- To do -
From the listing below, restate word for word the lines from the line containing "Son tissu gainant" down through the line containing "يتيح لك تطبيق". Exclude pictures.

- Exercise data -
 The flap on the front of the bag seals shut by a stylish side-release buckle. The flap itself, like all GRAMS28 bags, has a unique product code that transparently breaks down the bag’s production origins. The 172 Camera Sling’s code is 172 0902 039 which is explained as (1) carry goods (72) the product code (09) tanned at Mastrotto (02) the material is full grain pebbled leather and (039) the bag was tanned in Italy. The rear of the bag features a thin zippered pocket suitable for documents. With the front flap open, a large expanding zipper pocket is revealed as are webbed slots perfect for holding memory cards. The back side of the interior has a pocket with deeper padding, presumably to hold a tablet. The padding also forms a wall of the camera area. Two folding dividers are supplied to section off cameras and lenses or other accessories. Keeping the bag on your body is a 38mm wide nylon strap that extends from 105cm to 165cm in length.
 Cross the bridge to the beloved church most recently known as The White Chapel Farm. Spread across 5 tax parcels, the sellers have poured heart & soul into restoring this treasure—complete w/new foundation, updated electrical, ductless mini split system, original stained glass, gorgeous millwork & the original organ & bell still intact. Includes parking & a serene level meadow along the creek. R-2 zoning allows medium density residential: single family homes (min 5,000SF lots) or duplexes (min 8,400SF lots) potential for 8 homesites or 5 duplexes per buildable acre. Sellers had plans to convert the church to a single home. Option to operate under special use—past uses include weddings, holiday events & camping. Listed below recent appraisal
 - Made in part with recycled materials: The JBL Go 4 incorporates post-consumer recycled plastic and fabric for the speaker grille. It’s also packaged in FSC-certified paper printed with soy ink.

* * *

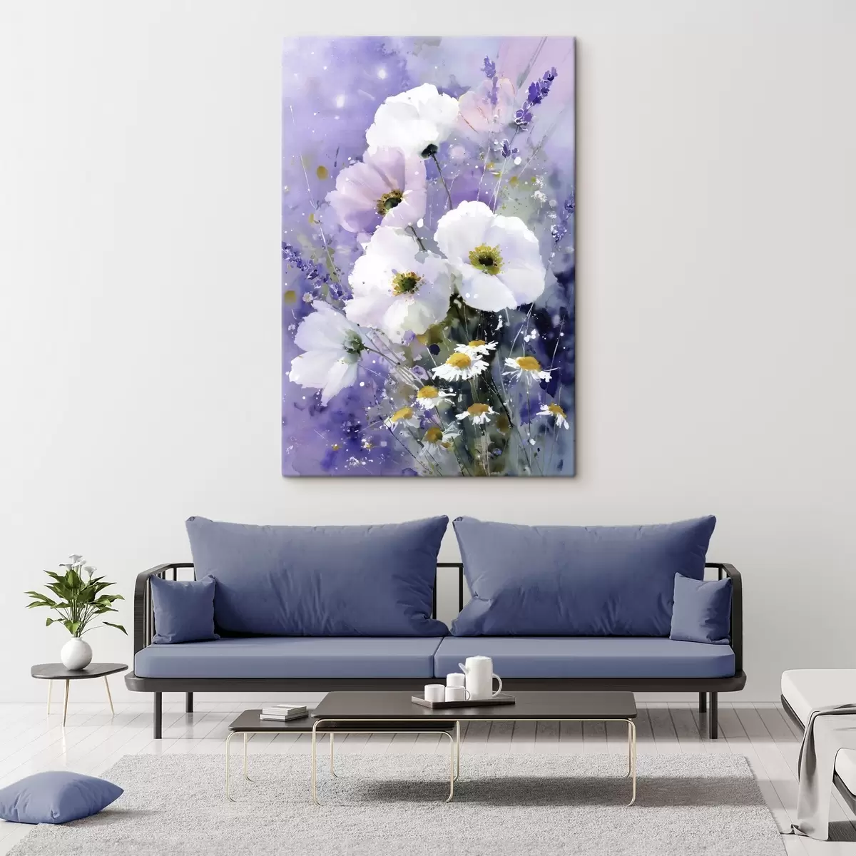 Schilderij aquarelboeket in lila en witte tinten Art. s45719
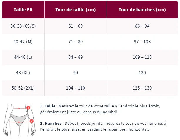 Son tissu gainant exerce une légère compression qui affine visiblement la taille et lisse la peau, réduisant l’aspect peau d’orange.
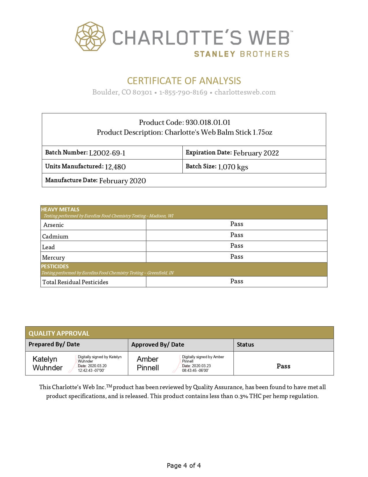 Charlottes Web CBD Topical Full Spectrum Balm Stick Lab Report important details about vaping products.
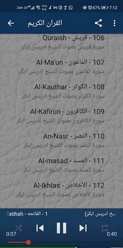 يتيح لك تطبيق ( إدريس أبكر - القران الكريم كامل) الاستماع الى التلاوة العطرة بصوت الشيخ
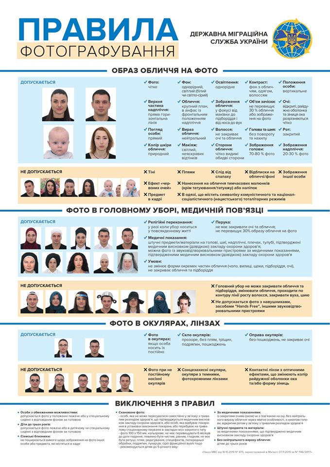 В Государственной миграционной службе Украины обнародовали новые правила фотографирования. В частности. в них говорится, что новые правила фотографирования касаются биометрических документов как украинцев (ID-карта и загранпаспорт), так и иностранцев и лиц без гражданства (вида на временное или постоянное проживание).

- Answer box -
 Son tissu gainant exerce une légère compression qui affine visiblement la taille et lisse la peau, réduisant l’aspect peau d’orange.
 Charlottes Web CBD Topical Full Spectrum Balm Stick Lab Report important details about vaping products.
 يتيح لك تطبيق ( إدريس أبكر - القران الكريم كامل) الاستماع الى التلاوة العطرة بصوت الشيخ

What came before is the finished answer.